THE STORY OF CICCU
' I have,' said he, ' a little house in the village, and over it grows a fig-tree. The house I leave to my sons, who are to live in it together; the fig-tree I divide as follows. To my son Peppe I leave the branches. To my sou Alfin I leave the trunk. To my son Ciccu I leave the fruit. Besides the house and tree, I have an old coverlet, which I leave to my eldest son. And an old purse, which I leave to my second son. And a horn, which I leave to my youngest son. And now farewell.'
Thus speaking, he laid himself down, and died quietly. The brothers wept bitterly for their father, whom they loved, and when they had buried him they began to talk over their future lives. 'What shall we do now?' said they. ' Shall we live in the wood, or go back to the village?' And they made up their minds to stay where they were and continue to earn their living by selling firewood.
One very hot evening, after they had been working hard all day, they fell asleep under a tree in front of the hut. And as they slept there came by three fairies, who stopped to look at them.

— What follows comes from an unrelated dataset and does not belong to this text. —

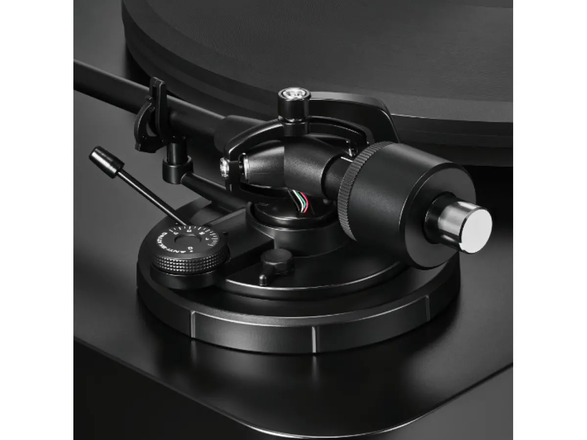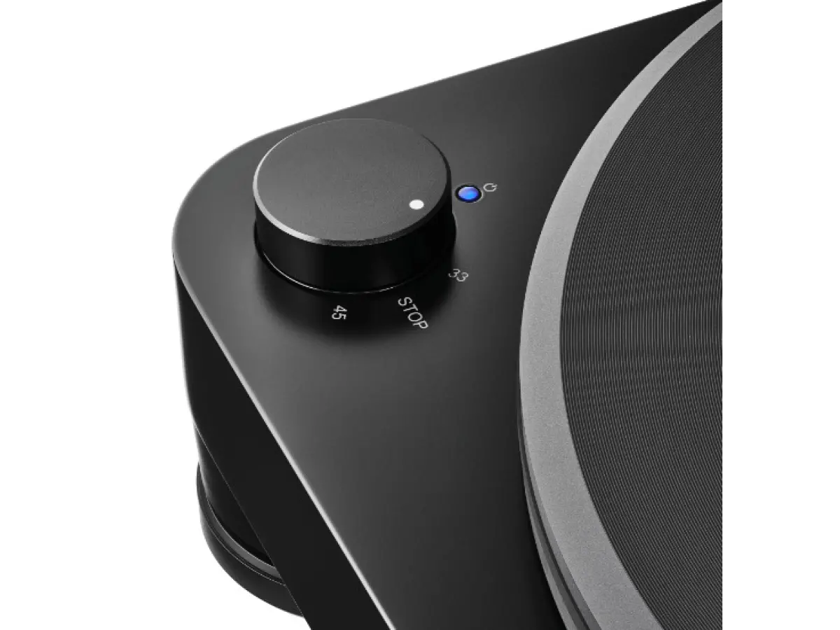 The motor, monitored by an optical sensor, maintains consistent platter rotation at 33-1/3 or 45 RPM, while its mounting on rubber bushings reduces vibration transmission to the chassis. The external power supply isolates AC-to-DC conversion, eliminating electrical interference, and the spring-isolated adjustable feet protect the turntable from external disturbances. The combination of the high-density acrylic platter, stainless steel spindle with thermoplastic bearing, and optimized chassis geometry ensures smooth and quiet rotation, bringing out the brilliance and detail of vinyl records.

' What fine fellows !' said one. ' Let us give them a present.'
' Yes, what shall it be?' asked another.
' This youth has a coverlet over him,' said the first fairy. ' When he wraps it round him, and wishes himself in any place, he will find himself there in an instant.'
Then said the second fairy: ' This youth has a purse in his hand. I will promise that it shall always give him as much gold as he asks for.'
Last came the turn of the third fairy. ' This one has a horn slung round him. When he blows at the small end the seas shall be covered with ships. And if he blows at the wide end they shall all be sunk in the waves.' So they vanished, without knowing that Ciccu had been awake and heard all they said.